Disclaimer: This post contains references to products from one or more of our advertisers. We may receive compensation (at no cost to you) when you click on links to those products. Read our Disclaimer Policy for more information.
Wall Street loves to find new ways to get old tasks done. This financial innovation leads to more, and better opportunities for investors.
Other times, the innovation flames out spectacularly – and investors take it on the chin.
Today we are looking at this decade’s most noteworthy innovation – the SPAC – which has become a viable competitor to the Initial Public Offering.
What is a SPAC?
SPAC stands for Special Purpose Acquisition Company. As the name implies, it’s a company set up with a singular purpose – and that purpose is to pool together a bunch of investors’ money, then go out and buy one company. Just one.
SPACs are often called “blank check companies” as they essentially do just that, write a big blank check, and look to fill in the name later.
The lifecycle of a SPAC has several distinct phases.
First is the incorporation of the SPAC itself.
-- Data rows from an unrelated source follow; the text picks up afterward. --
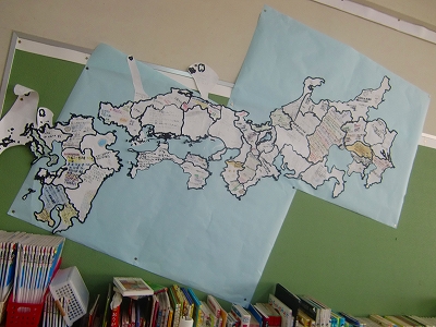 4年生は、社会で「巨大地図」に取り組んでいます。各都道府県担当者が調べた内容を書き込み、貼り出すことで、地図はどんどん成長をとげています。「もう、こんなに大きくなったのか!」と私も感心しました。東北地方担当のみなさん、がんばってくださいね!
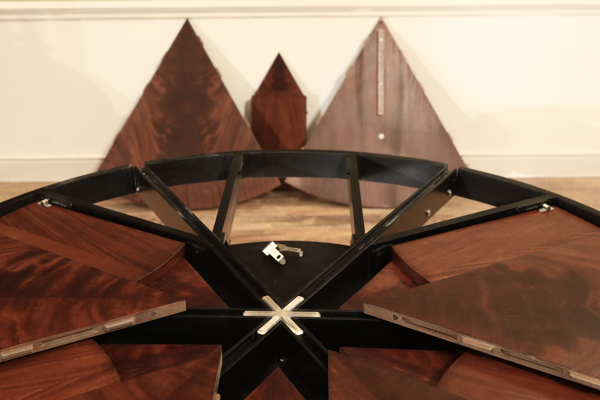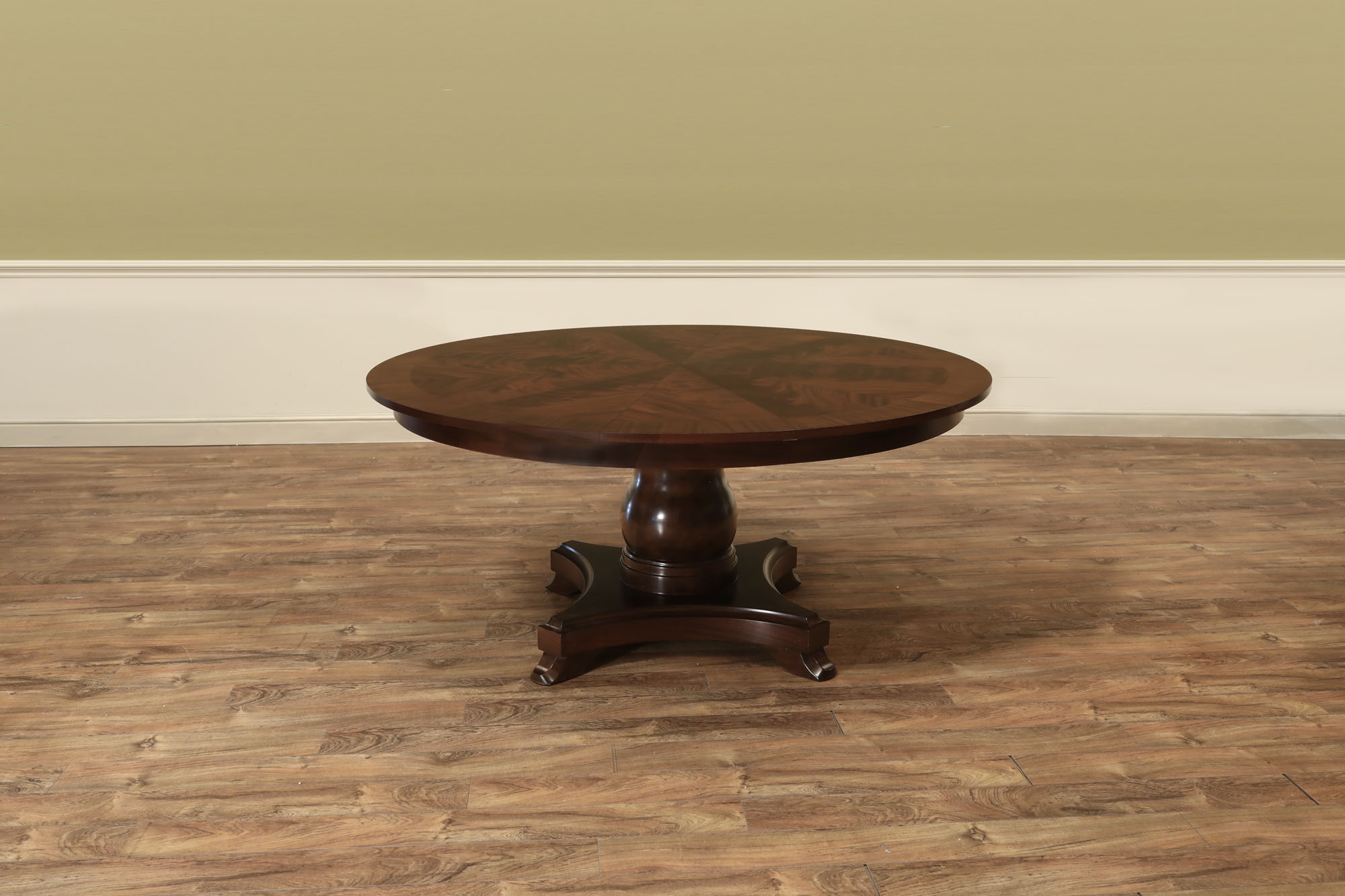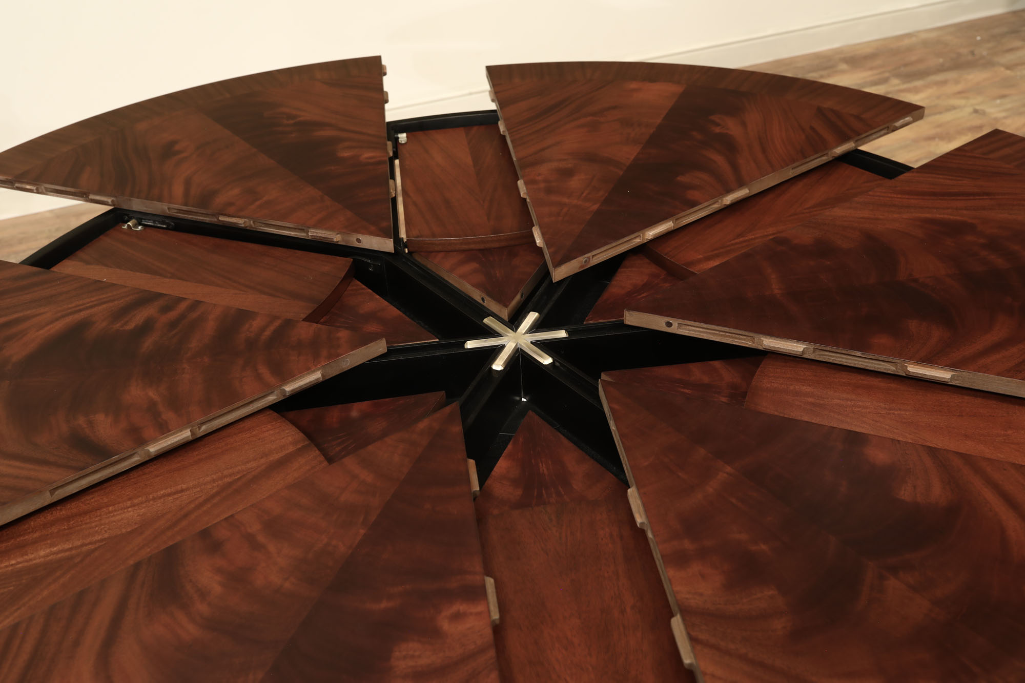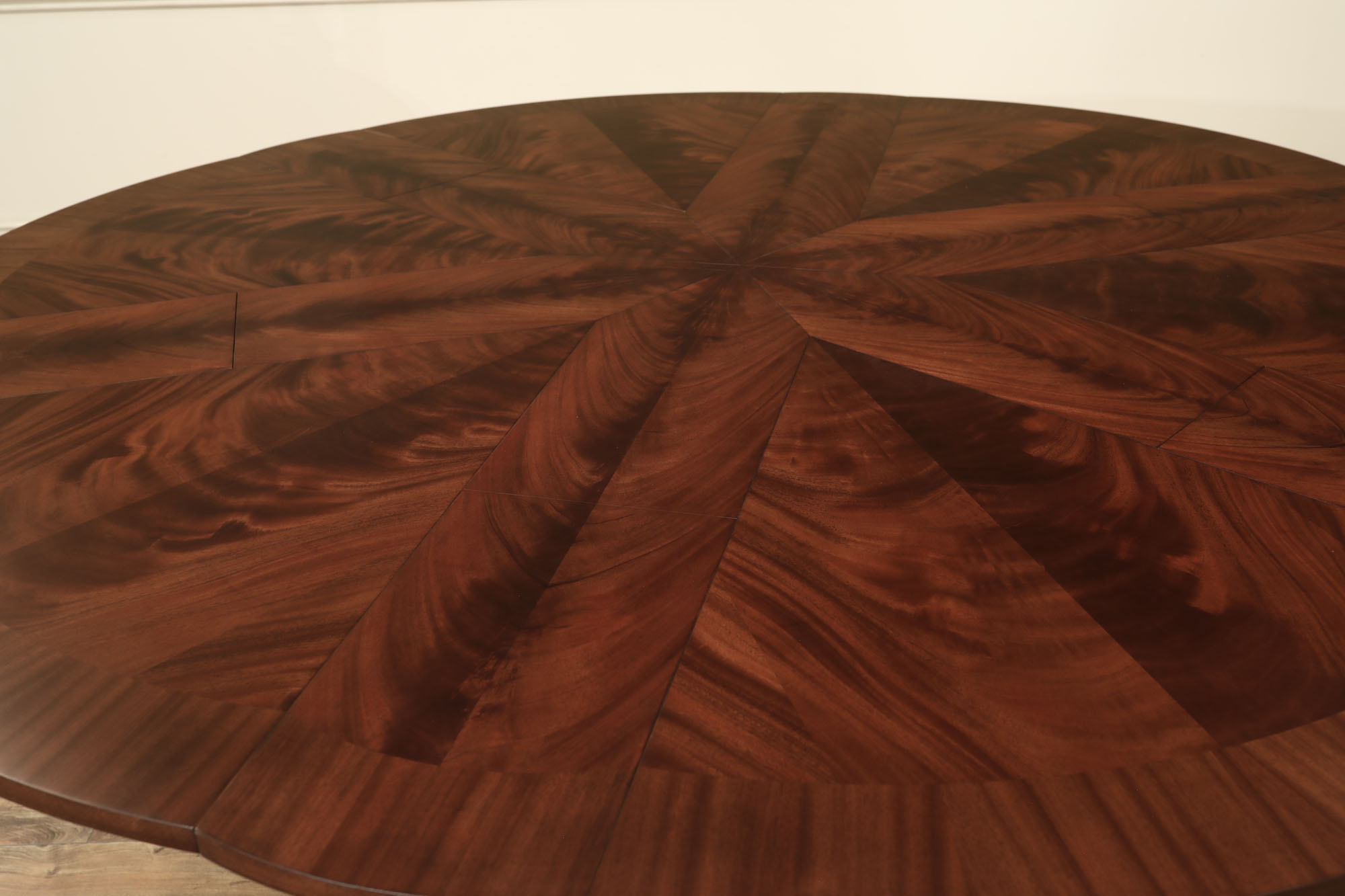 Flame mahogany Jupe dining room table with self-storing leaves, an AP Exclusive by AntiquePurveyor. A sturdy single-column, wide-platform base and an exclusively designed table built for our online store. This Jupe dining table also features an original & copyrighted foot from our King Demure collection. Brown mahogany finish and lighter sapele border to coordinate with most furniture. Use this table in a formal or casual setting. The simple, patented jupe mechanism is not fussy and will prove quite dependable over the years, thanks to its very few moving parts.
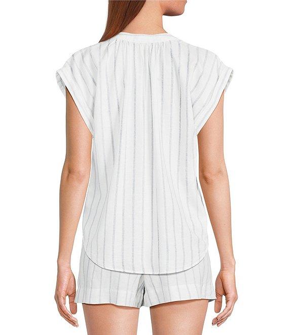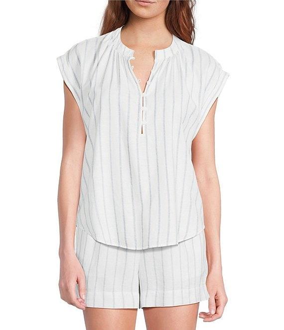 Cloth & Stone Stripe Linen Blend Mandarin Collar Short Sleeve Coordinating Top
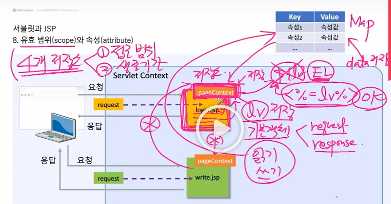 - 접근 범위 : 하나의 jsp 페이지 내에서만 lv에 접근(R, W) 가능
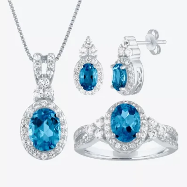 Womens Lab Created Green Emerald Sterling Silver Jewelry Set
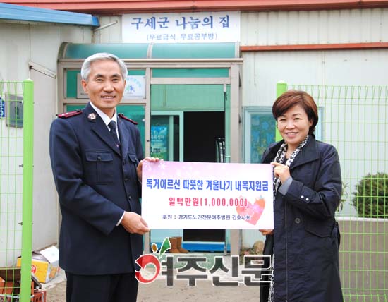 경기도노인전문여주병원 간호사회에서는 지난 2일 여주지역 소외된 홀몸어르신들에게 따뜻한 겨울을 날 수 있도록 병원자체 바자회에서 마련한 성금 100만원을 구세군 여주나눔의 집에 전달했다.
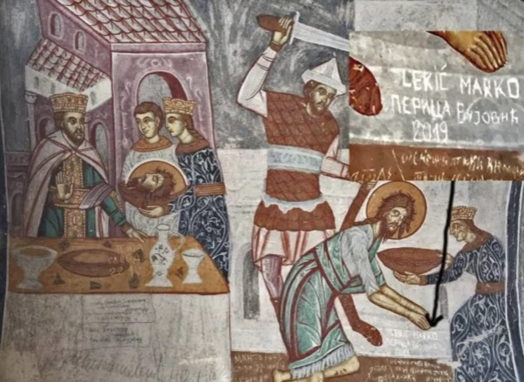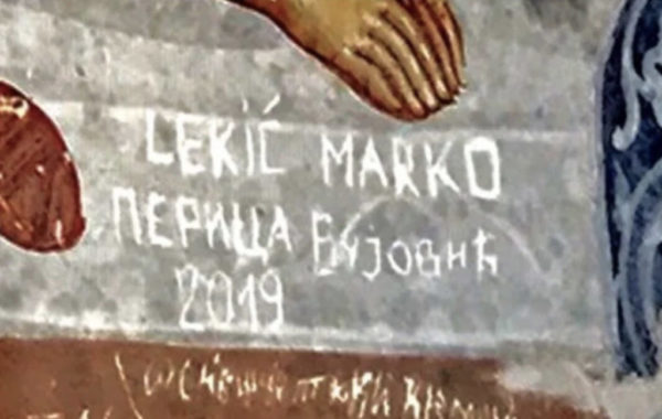 (FOTO) SKANDAL. Urezali svoja imena na fresku u Hilandaru
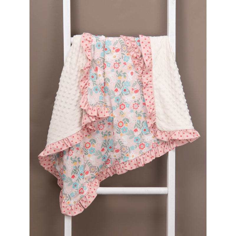 Watch all your little bunnies hop into spring with this elegant MNC exclusive collection!This high-quality collection has the softestmaterial!This sweet blanket features one soft minky side & ourLilly Belle Cottontailprint on the other with polka dot ruffle trim.
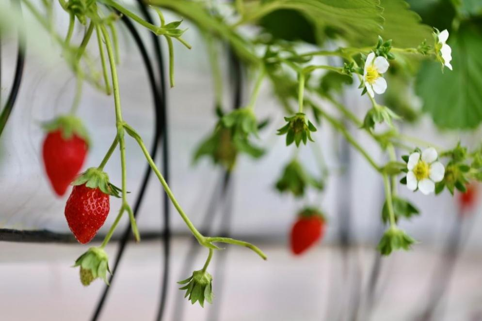 能耗方面,赛博农人队将上届比赛研发的多源节能调控技术“发扬光大”,通过引入外界冷源降温,使空调能耗降低40%以上,同时通过冷凝水回收,将水分生产效率提高300%以上。此外,他们还建立与草莓“生物钟”相匹配的LED光照策略,找到最佳光照时长和强度,既显著提高草莓的花芽质量,提升产量和品质,又“让电费花得更值”。
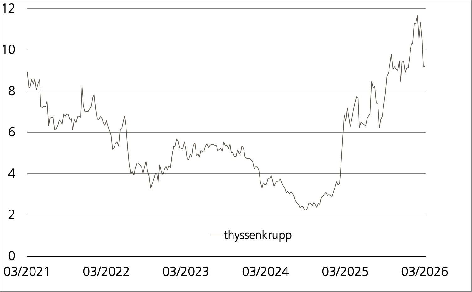 Risiken:Barrier Reverse Convertibles sind nicht kapitalgeschützt. Notiert thyssenkrupp während der Laufzeit einmal auf oder unter dem Kick-In Level (Barriere), kann die Tilgung am Verfalltag durch eine physische Lieferung des Basiswertes erfolgen (höchstens jedoch zum Nominalwert zuzüglich Coupon). In diesem Fall sind Verluste wahrscheinlich. Zudem trägt der Anleger bei Strukturierten Produkten das Emittentenrisiko, so dass das eingesetzte Kapital – unabhängig von der Entwicklung des Basiswertes – im Falle einer Insolvenz der UBS AG verloren gehen kann.

This is a company spinning itself into being fast, but it has no products to sell and no services to offer.
All the SPAC has at the outset is a small group of founders, and the intent to buy an existing, established company that operates in a specific industry or sector.
The founders themselves will generally invest 15-20% of the amount eventually raised, into what is known as “Founder’s Shares.” The remainder of the SPAC – “blank check” – being raised from public investors via an initial public offering (IPO) on a stock exchange.
The second phase is this IPO of the SPAC “shell” itself. The SPAC will have filed registration documents with the Securities Exchange Commission, and in those documents the SPAC will have announced who the founders are (these are typically industry heavyweights, successful entrepreneurs, and large asset managers) and what industry/sector the SPAC is looking to make their acquisition in.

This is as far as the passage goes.